* ABOUT THIS EXERCISE: Give back the whole listing exactly as written, pictures excluded.

• • •

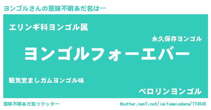 | 女子向けラノベタイトル風あだ名 | 『ヨンゴルの雑貨屋さん』 |
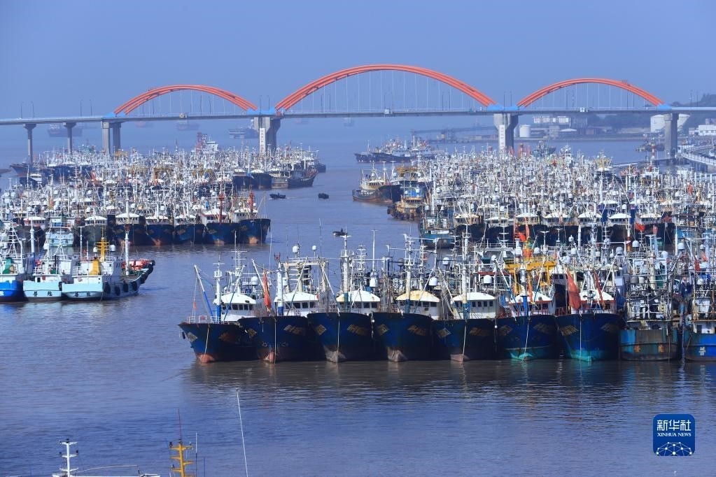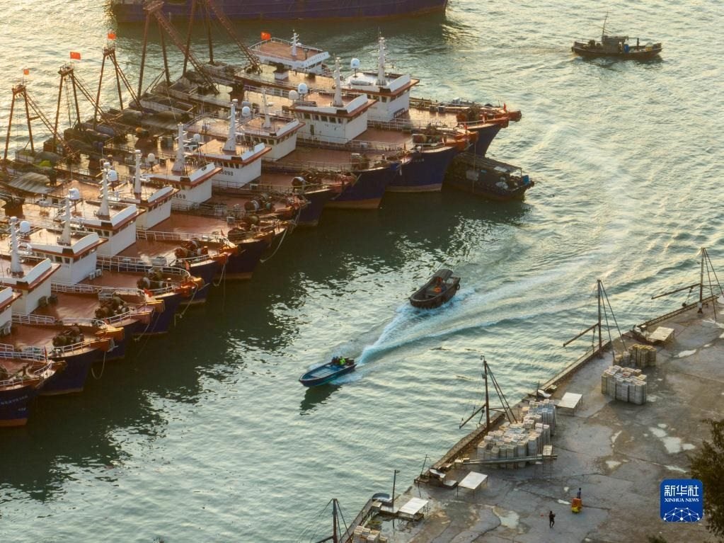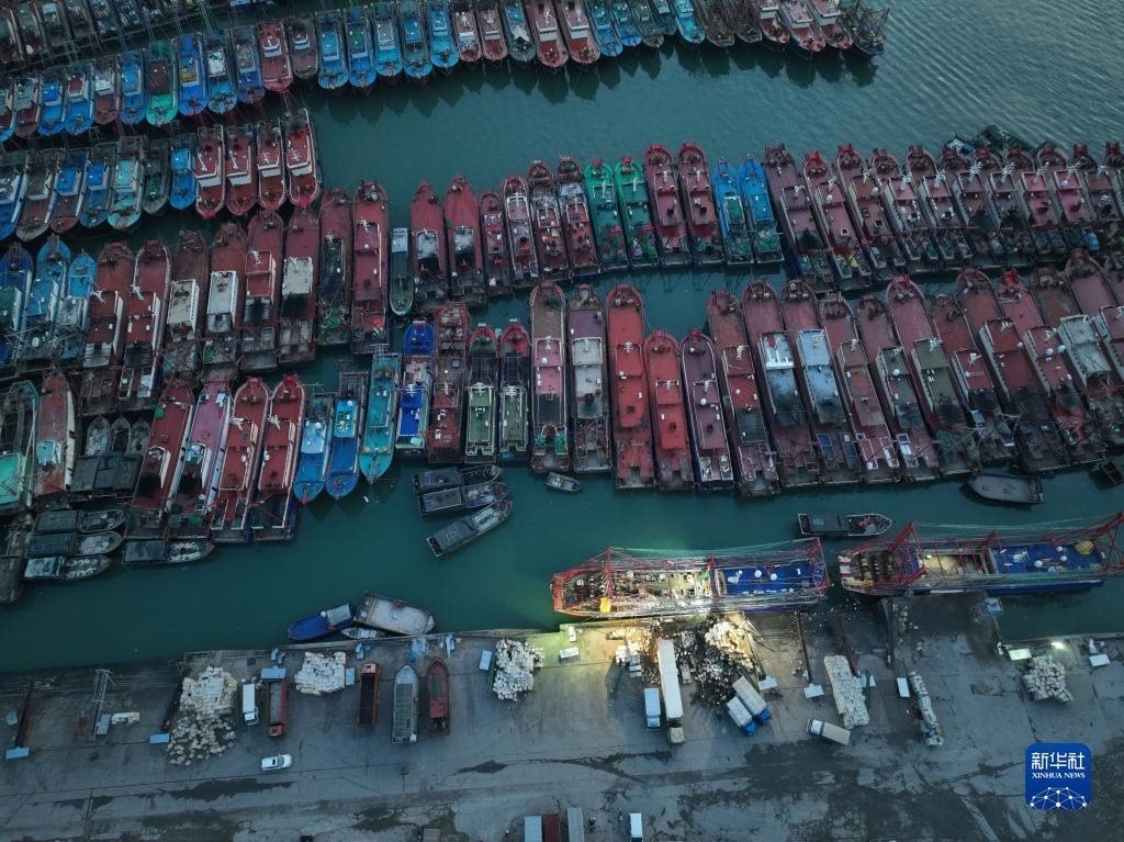 4月30日清晨,在浙江省舟山市普陀區(qū)沈家門漁港,漁船陸續(xù)進港準備休漁(無人機照片)。
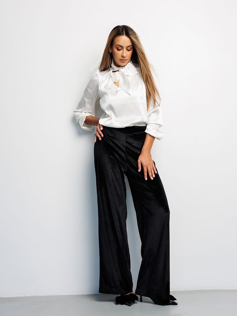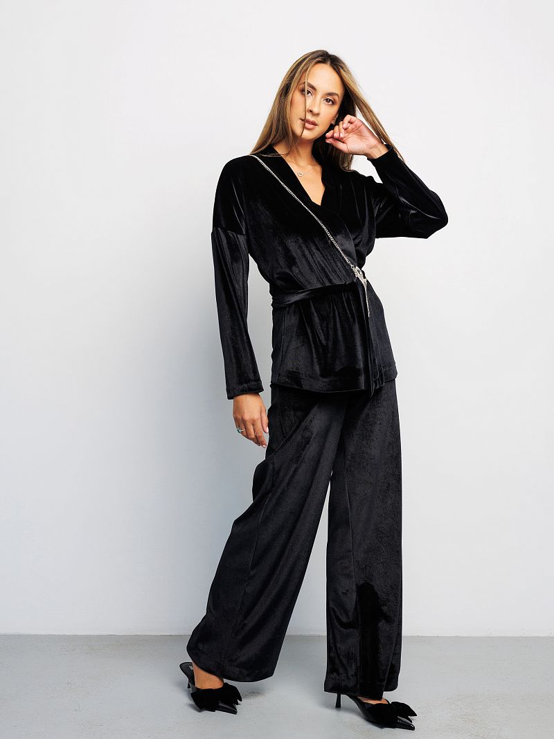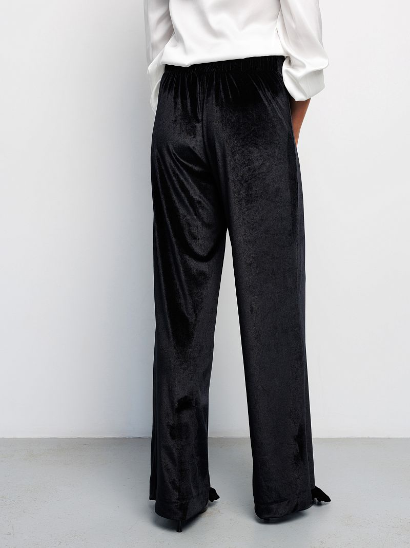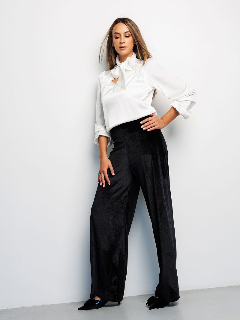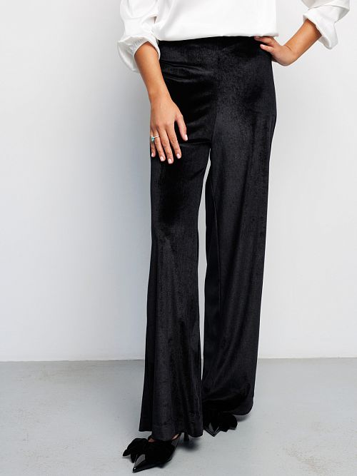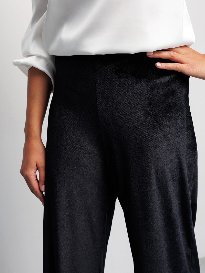Бренд Raposa представляет Вашему вниманию классические велюровые женские брюки палаццо в стиле олд мани. Брюки чёрные женские станут идеальным дополнением к вашему базовому гардеробу и будут прекрасно сочетаться с различным верхом и аксессуарами. Нарядные, они превосходно подойдут для любого случая, будь то офис, вечернее или праздничное мероприятие. Идеальны как для высоких, так и невысоких женщин. Бархатные брюки, слаксы, имеют широкий размерный ряд до 56 размера для женщин плюс сайз. Особенности модели: высокая посадка, прямой клеш от бедра, красивая линия талии. Струящиеся брюки женские гэтсби стильно облегают женскую фигуру, имеют корректирующий эффект, стройнят и не сковывают движения, позволяя Вам чувствовать себя комфортно на протяжении всего дня. Благодаря эластичной эргономичной резинке на талии широкие штаны обеспечивают максимальное удобство и идеальную посадку на любой рост. Брюки палаццо женские выполнены из высококачественного материала – плюш, мягкого и приятного на ощупь, который, несомненно, подарит дополнительный лоск и привлечет восхищенные взгляды окружающих. Эти роскошные, универсальные и комфортные брюки подойдут на любой сезон и будут уместны по любому поводу Новый год, День рождения, 8 марта для женщин и девушек подростков, предлагая великолепную посадку благодаря удобному покрою.
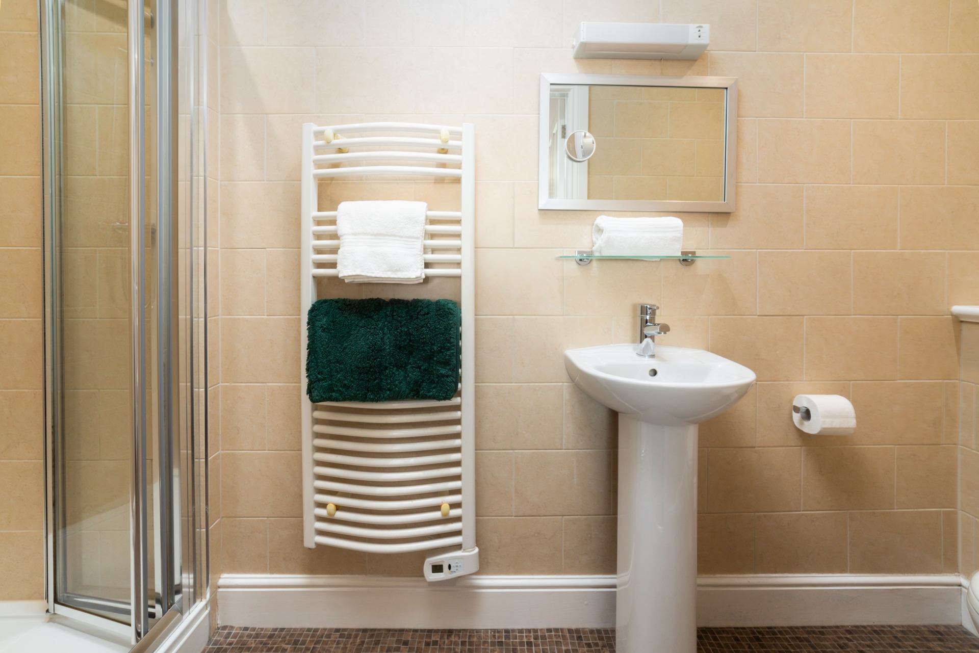 En-suite: Shower cubicle, WC, hand basin, and heated towel rail
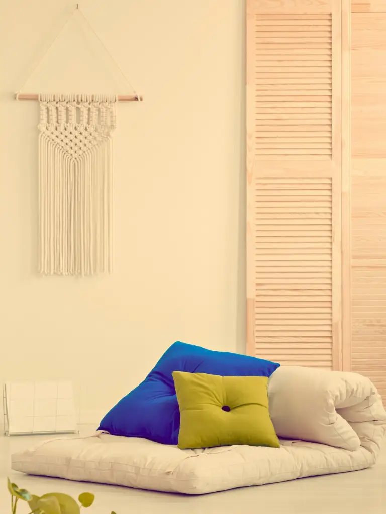 If hanging a chair isn’t an option, a stylish floor cushion or beanbag can also give you that cozy, Boho feeling.
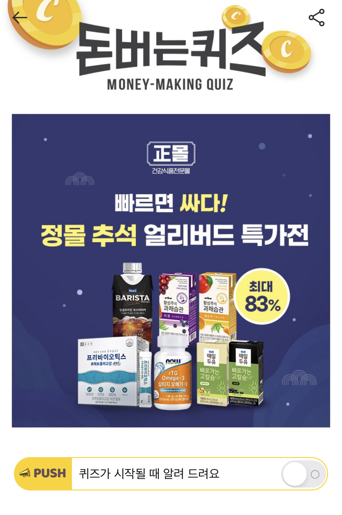 캐시워크 돈버는 퀴즈 정답 정몰 추석 얼리버드 특가전

• • •

* YOUR RESPONSE:
 | 女子向けラノベタイトル風あだ名 | 『ヨンゴルの雑貨屋さん』 |
 4月30日清晨,在浙江省舟山市普陀區(qū)沈家門漁港,漁船陸續(xù)進港準備休漁(無人機照片)。
Бренд Raposa представляет Вашему вниманию классические велюровые женские брюки палаццо в стиле олд мани. Брюки чёрные женские станут идеальным дополнением к вашему базовому гардеробу и будут прекрасно сочетаться с различным верхом и аксессуарами. Нарядные, они превосходно подойдут для любого случая, будь то офис, вечернее или праздничное мероприятие. Идеальны как для высоких, так и невысоких женщин. Бархатные брюки, слаксы, имеют широкий размерный ряд до 56 размера для женщин плюс сайз. Особенности модели: высокая посадка, прямой клеш от бедра, красивая линия талии. Струящиеся брюки женские гэтсби стильно облегают женскую фигуру, имеют корректирующий эффект, стройнят и не сковывают движения, позволяя Вам чувствовать себя комфортно на протяжении всего дня. Благодаря эластичной эргономичной резинке на талии широкие штаны обеспечивают максимальное удобство и идеальную посадку на любой рост. Брюки палаццо женские выполнены из высококачественного материала – плюш, мягкого и приятного на ощупь, который, несомненно, подарит дополнительный лоск и привлечет восхищенные взгляды окружающих. Эти роскошные, универсальные и комфортные брюки подойдут на любой сезон и будут уместны по любому поводу Новый год, День рождения, 8 марта для женщин и девушек подростков, предлагая великолепную посадку благодаря удобному покрою.
 En-suite: Shower cubicle, WC, hand basin, and heated towel rail
 If hanging a chair isn’t an option, a stylish floor cushion or beanbag can also give you that cozy, Boho feeling.
 캐시워크 돈버는 퀴즈 정답 정몰 추석 얼리버드 특가전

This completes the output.